In un prossimo futuro, chissà, per i più raffinati gourmet che affollano le ex feste del PCI comparirà anche la cucina molecolare e il suo nume tutelare, il compagno Ferran Adrià (attenzione, non è il nome di battaglia di un prode partigiano, ma di un genio dei fornelli, armato di coltello da cucina!).
Altro che sfrizzoli e frittelle, piadine e squaquerone!
Resta, comunque, una nota positiva: l’utilizzo per tutti di stoviglie e materiali biodegradabili. Un occhio all’ambiente fa sempre il suo effetto.
Sembra proprio che andare al galà democratico oggi significhi soprattutto scegliere il posto giusto dove mangiare bene senza spendere troppo. Magari con la relativa   guida in tasca, che forse non è stata ancora pubblicata (quasi, quasi…) nell’abusato panorama di libri di cucina, ristoranti e trattorie: “Mangiar bene all’Unità”
E l’impegno, la partecipazione attiva, l’obbligo morale nei confronti del partito?
Non sembra assicurato ormai nemmeno il normale ricambio generazionale tra i militanti volontari, vere anime pulsanti dell’organizzazione.

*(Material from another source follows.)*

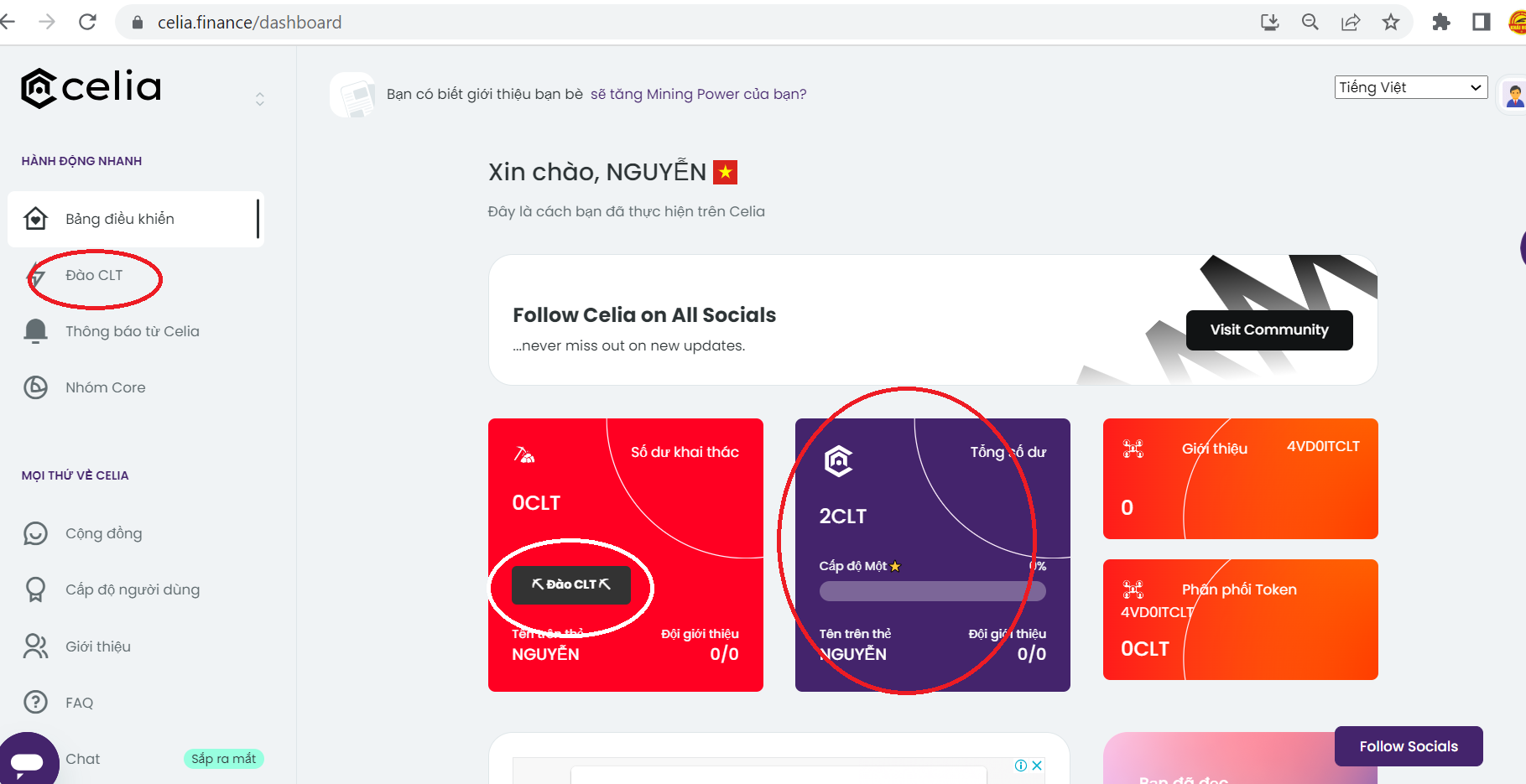 Đăng ký tạo tài khoản và khai thác đào CLT token trên Celia.finance

Le Feste dell’Unità hanno sempre rappresentato la vicenda personale e collettiva di tantissimi uomini e donne che con convinzione, sacrificio e dedizione hanno fatto grande il partito di Gramsci, dalla più piccola sezione di quartiere, alle federazioni di provincia, alle sedi nazionali. Sono e restano la storia di un grande fenomeno politico, sociale e di costume. Di un cospicuo pezzo d’Italia che da umile tradizione popolare  diventa patrimonio di democrazia.

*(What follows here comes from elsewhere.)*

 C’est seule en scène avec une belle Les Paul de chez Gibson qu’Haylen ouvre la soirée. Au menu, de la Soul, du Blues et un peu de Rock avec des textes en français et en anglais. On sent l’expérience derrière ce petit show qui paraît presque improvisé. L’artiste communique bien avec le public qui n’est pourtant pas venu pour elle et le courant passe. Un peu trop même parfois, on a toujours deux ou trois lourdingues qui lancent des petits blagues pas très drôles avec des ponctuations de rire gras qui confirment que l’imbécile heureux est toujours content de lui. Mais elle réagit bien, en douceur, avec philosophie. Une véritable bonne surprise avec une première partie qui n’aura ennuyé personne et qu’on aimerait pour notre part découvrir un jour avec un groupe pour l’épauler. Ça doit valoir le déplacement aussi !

Anche se, come titola il suo libro Anna Tonelli, la nuova festa democratica potrebbe oggi chiamarsi: ”Falce e tortello”.   
Avanti popolo!
                                                         Alfredo Laurano 
         
   ... Tutte le nostre proposte, tutte le nostre lotte e le stesse nostre polemiche tendono e debbono tendere ad affermare il principio, il metodo e la pratica dell’unità....       (Enrico Berlinguer)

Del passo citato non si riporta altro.